I gave a talk entitled “Change is the Only Constant” (video) at the excellent Voxxed Days conference in Zurich last month. It got a little attention on Twitter, particularly this slide, tweeted by Mario Fusco:
The point of the slide is that immutability is, strictly speaking, an all-or-nothing proposition: mutability anywhere in a data structure makes it mutable as a whole. “Schopenhauer’s” “Law” isn’t a law, isn’t about entropy, and seems to have absolutely no connection to Schopenhauer, but none of this harms its propagation as a meme across the Internet. I’m not myself wildly enthusiastic about the slide, but I put it in the talk because it’s a favourite of Stuart Marks, who is the primary maintainer of the Java Collections Framework and an infallible source of ideas and good advice to me. An unexpected payoff, though, was this response from Brian Goetz, who tweeted:
So I’m happy to take credit for the slide, because of course to be called any kind of clever by Brian is a compliment, however backhanded, to be treasured. Now at least the problem of knowing what to have written on my tombstone is definitively solved!
More seriously, Brian’s point is obviously fundamentally correct. It’s always been extremely difficult to be certain that you’ve got anything 100% right in computing. This reminds me of the argument in the formal verification community—or rather, the argument used against the verification community—that if the correctness proof of your program depends on the correctness of a verification system that itself hasn’t actually been verified, your argument is built on (unreinforced) sand. And if you do prove the correctness of your verifier, that proof will depend on the correctness of the layer beneath it —and so on, all the way down to the hardware which, as we know from the disasters of Spectre and Meltdown, is nowadays just too complex to analyse completely. The same argument, that we’re ultimately dependent on the hardware properties, applies to immutability.

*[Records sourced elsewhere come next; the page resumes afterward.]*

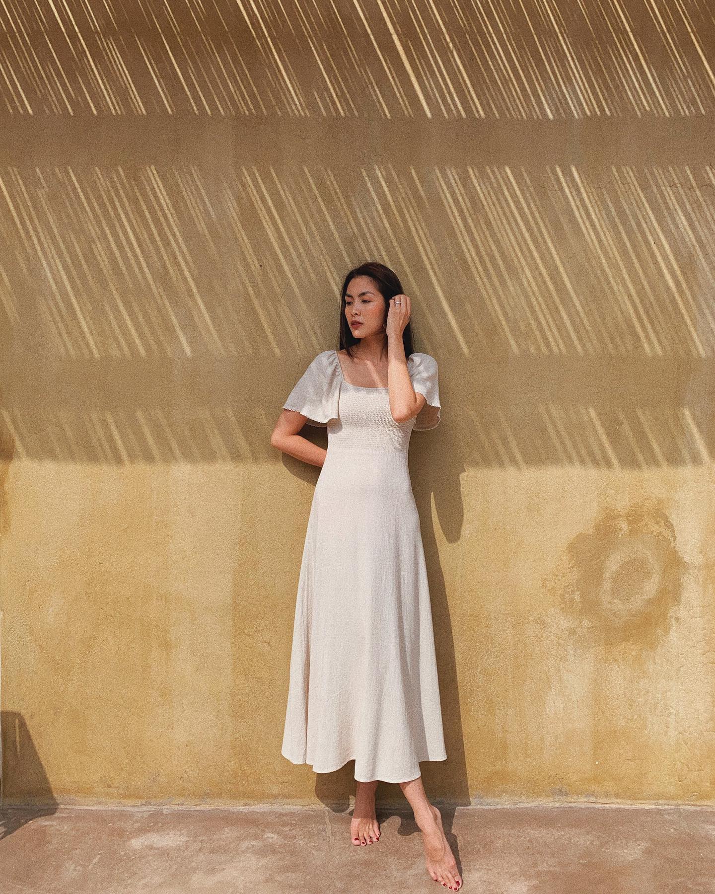 Các ý tưởng diện váy của Thùy Tiên phù hợp với những buổi dạo phố cuối tuần hay chuyến du lịch mùa hè. Để hoàn thiện các set váy mang tông màu trung tính làm chủ đạo, Thùy Tiên gợi ý những mẫu giày sang trọng như sneaker trắng, giày cao gót mũi nhọn, giày loafer…
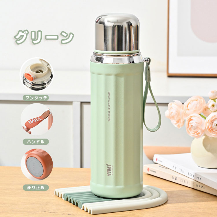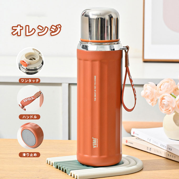 水筒 コップ付き 茶水分離 530ml 弁当箱 水筒 水筒 マグボトル 人気 ベージュ ブラック ピンク グリーン オレンジ 530ML 630ML
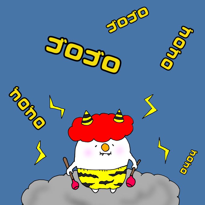 おはようございます☀️ キンキラキン~金曜日✨ さぁー今日も1日ボチボチっと頑張りましょう(o´∀`)o🎵 娘の描いたちいかわちゃんの栗まんじゅう雷様です🧡 #娘イラスト
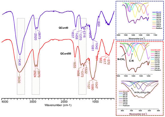 FTIR spectra of hydrogels without QCurd (QCurd0) and with quaternary derivative (QCurd50) are shown in Figure 2. The spectra of QCurd0 and QCurd50 show the characteristic bands for the parent polymers (Figure S2 from the Supplementary Materials) and a change in the intensity of some bands due to the chemical bonds with BDDE. Thus, the large band at 3435 cm−1 (QCurd0) and 3430 cm−1 (QCurd50) was attributed to O–H bond stretching vibration, and to the intra- and inter-molecular hydrogen bonds, while the bands from 2920–2924 cm−1 and 2873–2870 cm−1 were attributed to symmetric and asymmetric stretching vibrations of C–H bonds from CH2, CH groups, and CH2–O from ether linkages of QCurd50. The increase in the intensity of the band at 2870 cm−1 (QCurd50) was associated with CH3/CH2 groups from quaternary ammonium pendant groups (CH3-N, –CH2–N). In addition, the widening of the band from 2924 to 2870 cm−1 in the case of hydrogels compared with the parent polysaccharides (Figure S2) was associated with the increase in the number of CH2/CH groups due to the cross-linker agent (BDDE). The band at 1655 cm−1 was associated with bound water in the polysaccharide structure; this region can shift depending on the intensity of the interaction of the polymer with water.
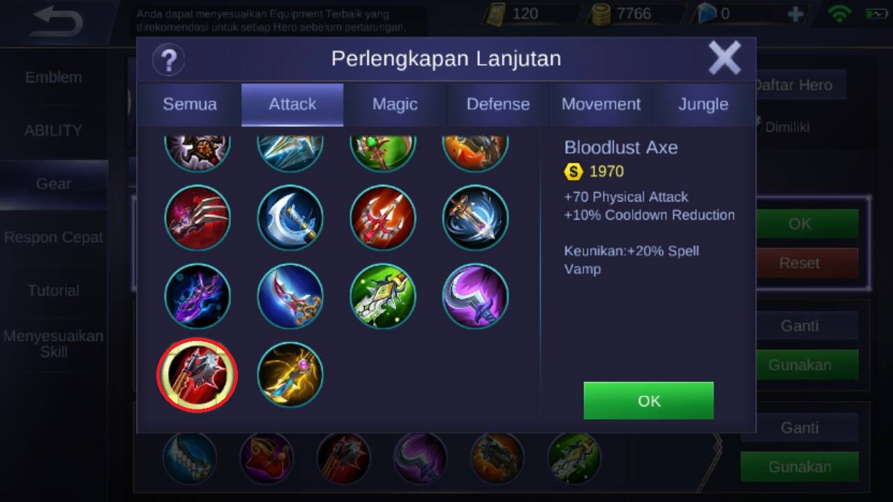 Item selanjutnya adalah bloodlust axe, item wajib bagi lancelot karena akan memberikan +70 physical attack, +10% cooldown reduction dan +20% spells vampir, artinya setiap musuh kena skill skill lancelot, akan menambahkan darah lancelot itu sendiri karena efek spells vampir.
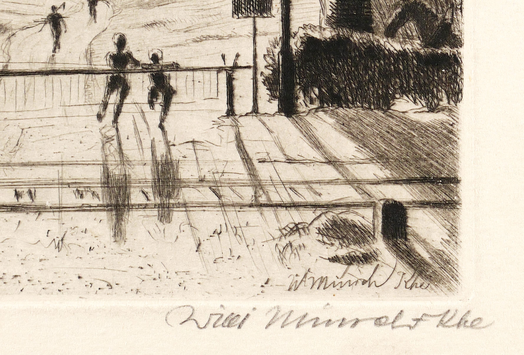 Rechts unten in Bleistift signiert. Links eigenhändig betitelt. In der Platte unten bezeichnet: ″Basel 18. Juli / W. Münch Khe″. Verso Stempel der Kunstdruckerei Künstlerbund Karlsruhe (KKK) mit handschriftlicher Katalognummer ″143″. – Sehr gut erhaltenes Exemplar.
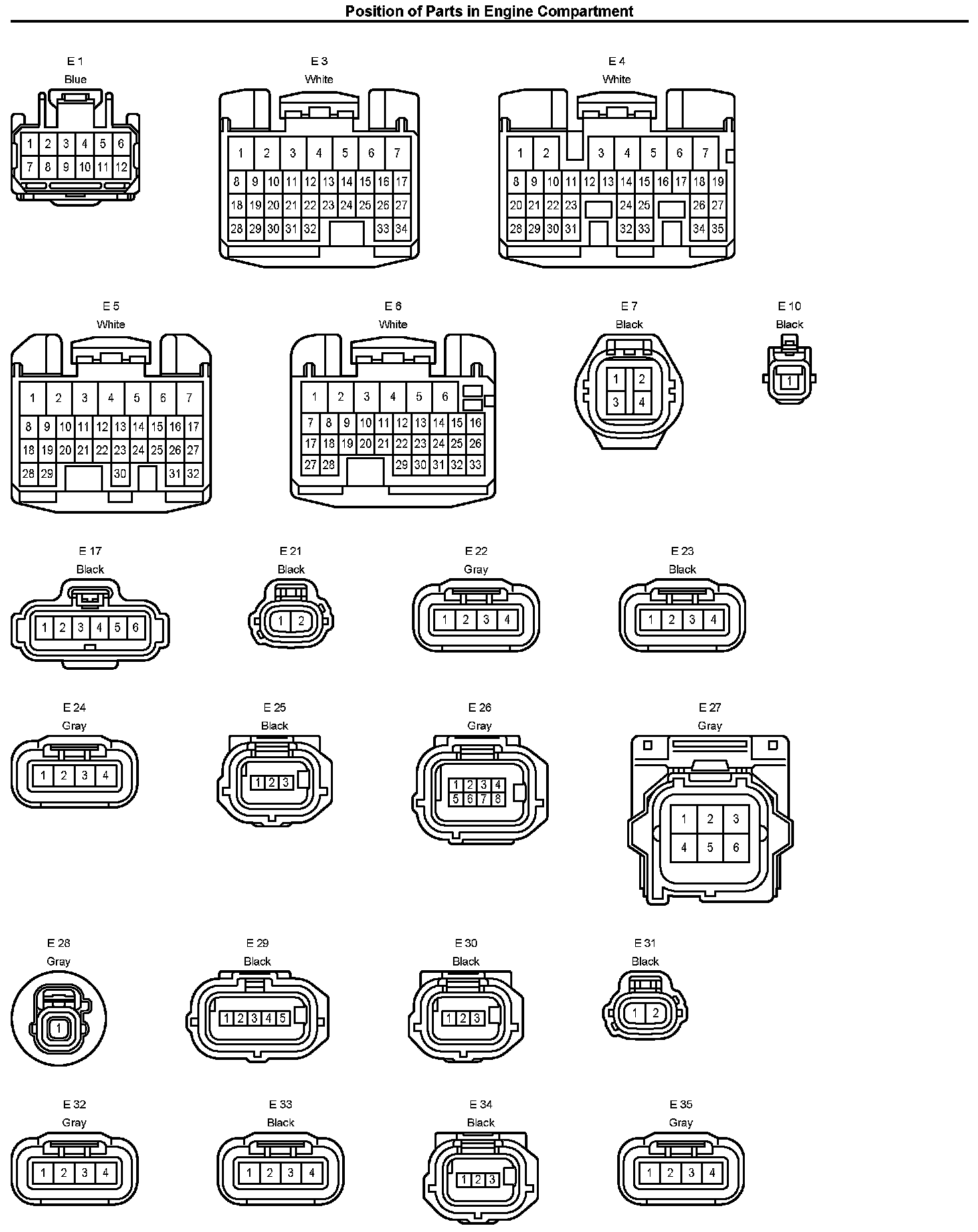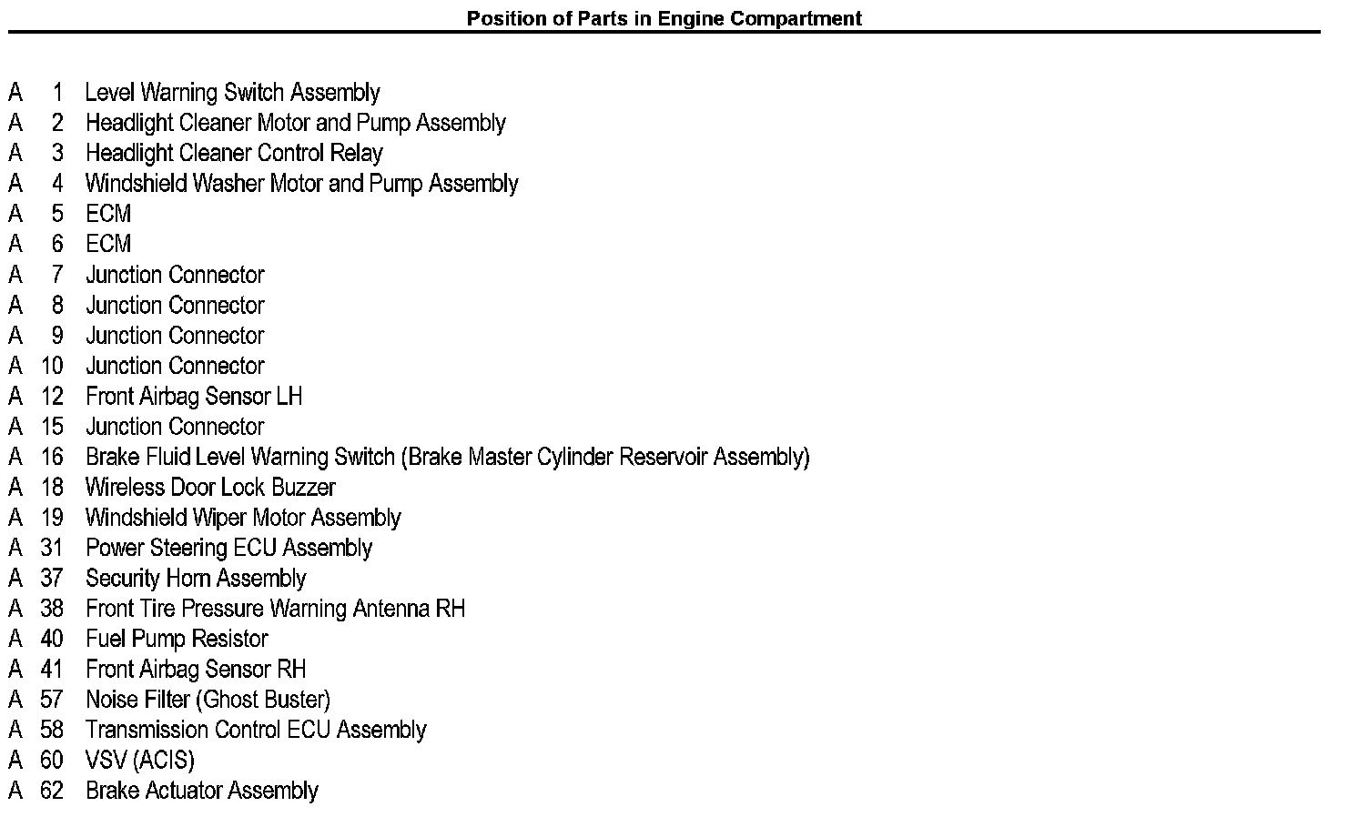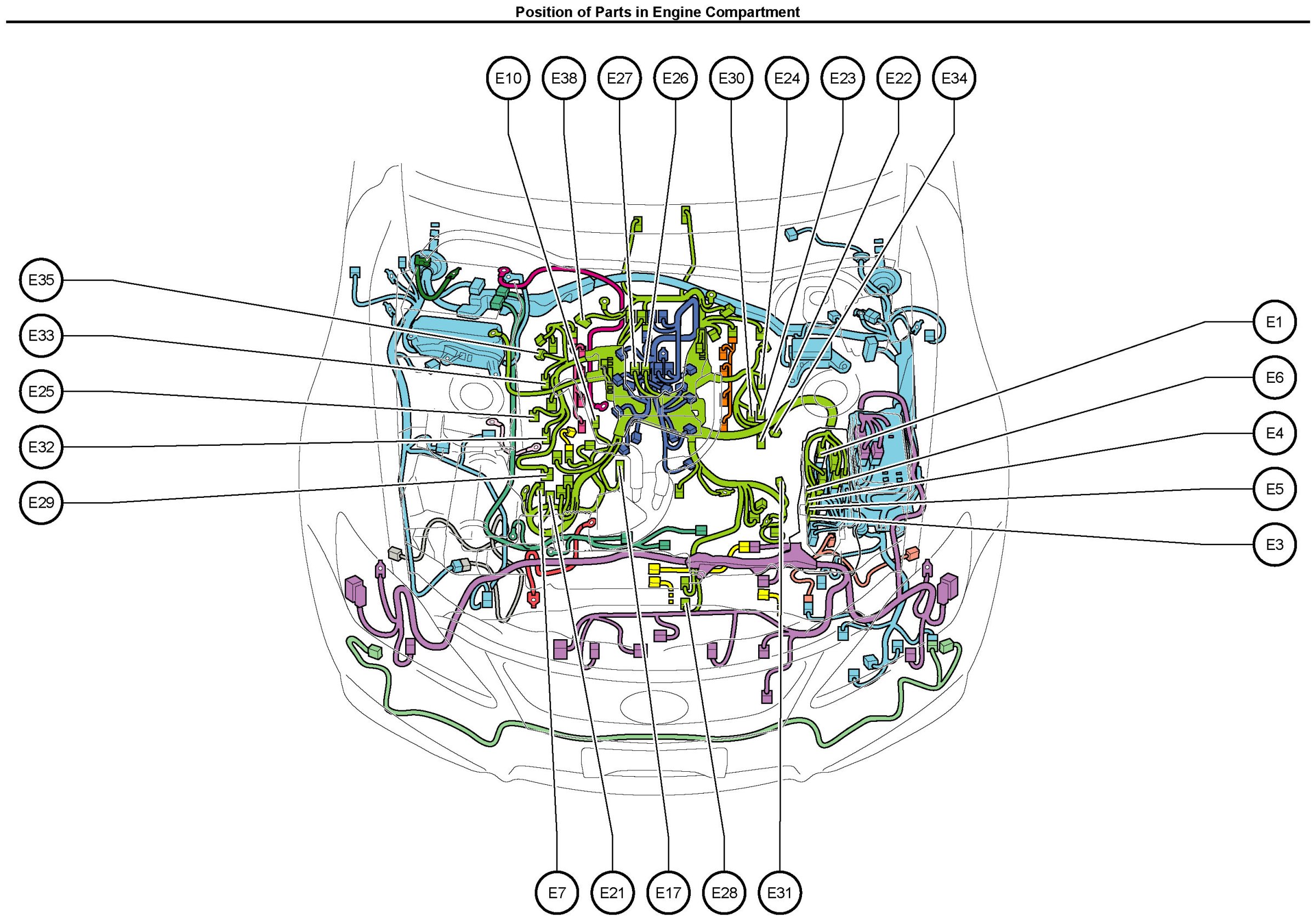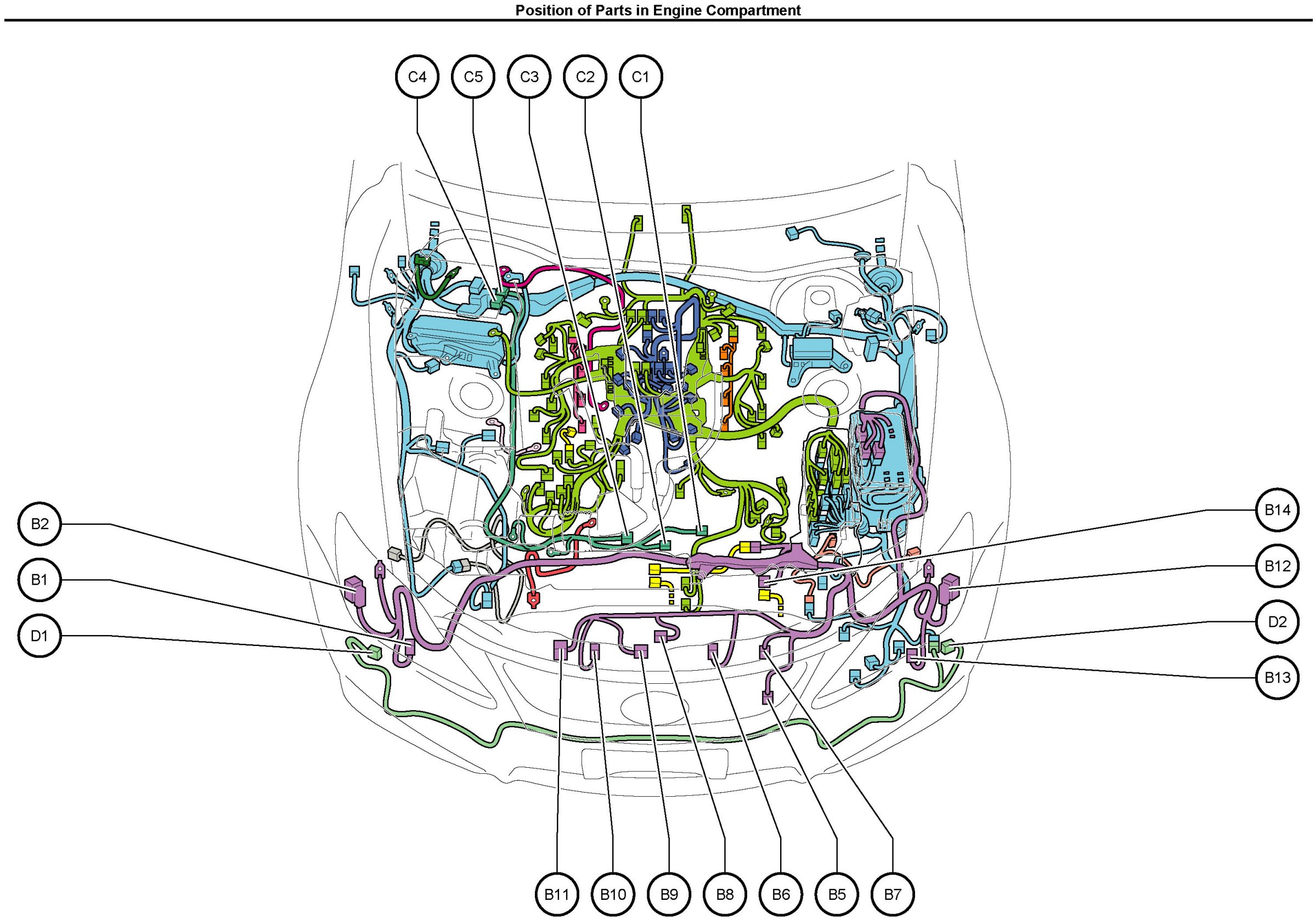 Position Of Parts In Engine Compartment:
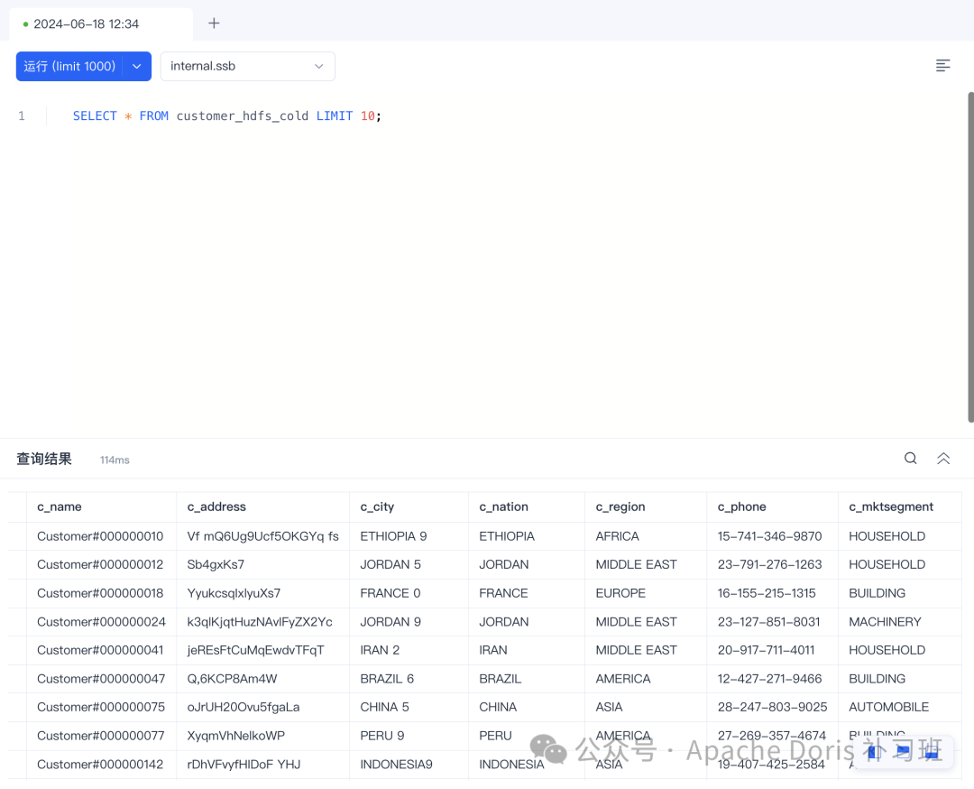 SELECT * FROM customer_hdfs_cold LIMIT 10;
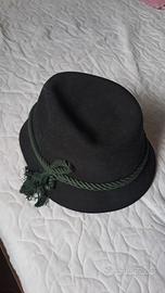Vendo cappello tradizionale tirolese usato, in feltro di lana color verdone con cordoncino e nappa. Marca,indicata nell'interno, Garmisch Import con etichetta interna che mostra vecchio stemma della città. Si presenta in ottime condizioni salvo per un angolo della etichetta interna un po' scollato e rovinato da un lato.
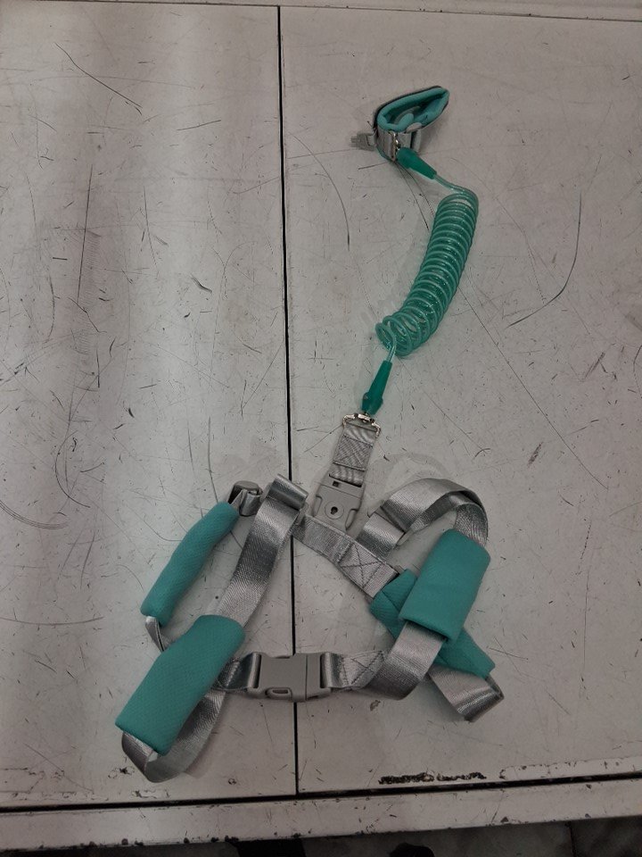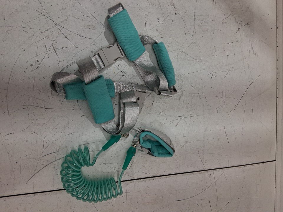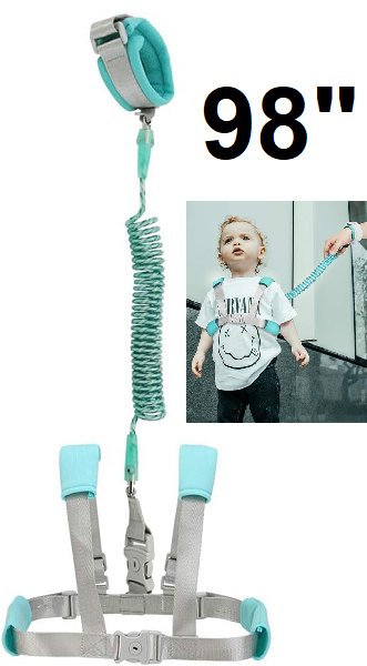 kids backpack leash with wrist strap - 98" - grey/turquoise
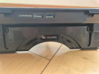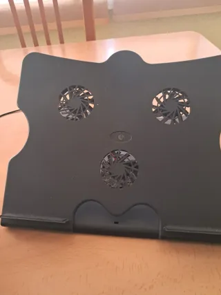 Base de refrigeración para portátil con dos ventiladores silenciosos integrados. Diseñada para mejorar la ventilación de tu equipo. - Superficie de malla metálica. - Diseño ergonómico. - Dos ventiladores de gran tamaño. ideal para trabajar o jugar sin que el portátil se caliente. Estructura robusta, rejilla metálica y soporte con inclinación ajustable para usarlo más cómodo. Funciona perfectamente. Estado: bueno, con marcas normales de uso. Perfecta para portátiles de 13” a 17”.

And to be fair to the talk, the slide about “Schopenhauer’s Law” was taken out of context: the rest of the talk did lay emphasis on the importance of reducing mutability. It’s worth looking at the value of this in a little more detail. Mario also tweeted this slide, on the problems of mutability:
Before looking at this in detail, we should dispose of a question of terminology that often gets in the way of discussions of immutability: are we discussing individual objects, or object graphs? This is a real problem in talking about collections, because preventing change to the state of a collection object in itself won’t necessarily prevent the ill effects of mutability listed in the slide. That’s because their impact depends on the properties of the entire object graph, and the immutability of the collection object is an entirely separate question from the mutability of the objects that it contains. We might reduce confusion by reserving the term “immutable” to object graphs, abandoning the notion of “shallow” immutability even if that would involve losing the source of jokes like Brian’s. This was the thinking that led to the label “unmodifiable” being given to the collections implementations introduced in Java 9. Here we’ll say that the opposite of “mutable” for an object is “unmodifiable”; for an object graph it is “immutable”.
Returning to Brian’s objection, are the problems of the second slide really reduced by reducing mutability? Consider an object graph, all but one of whose elements are unmodifiable:
- This structure as a whole will not be thread-safe, but protecting only the single mutable element is all that is required to make it so.
- Defensive copying will still be required, but that can again be restricted to the single mutable element.
- The question of stable lookup in keyed and ordered collections depends on the definitions of equality or comparison: if these relations can be made independent of the state of the mutable element, then decreasing mutability will have paid off.
- Consistency of program state refers to invariants that hold between object graphs, rather than within them as object-oriented principles demand. For instance, systems supporting user interfaces must ensure that the state of the underlying system is consistently mirrored in the interface, for example by disabling currently inapplicable UI elements. If the mutable element forms part of such an invariant, then extra care has to be taken whenever it is changed to ensure the invariant is maintained by corresponding adjustments of its other component(s).
- The gains in simplicity and clarity are proportional to the number of unmodifiable elements in the graph: each of these has only a single possible state, and is accordingly that much simpler to reason about.
This discussion may help to answer a popular question about the Java 9 unmodifiable collections: Why have them? Clearly, reducing mutability does bring gains, even if immutability in its perfect form is an ideal we can never reach.
I would call the result a draw: Goetz 1, Schopenhauer 1. And, as a verdict, how shallow is that?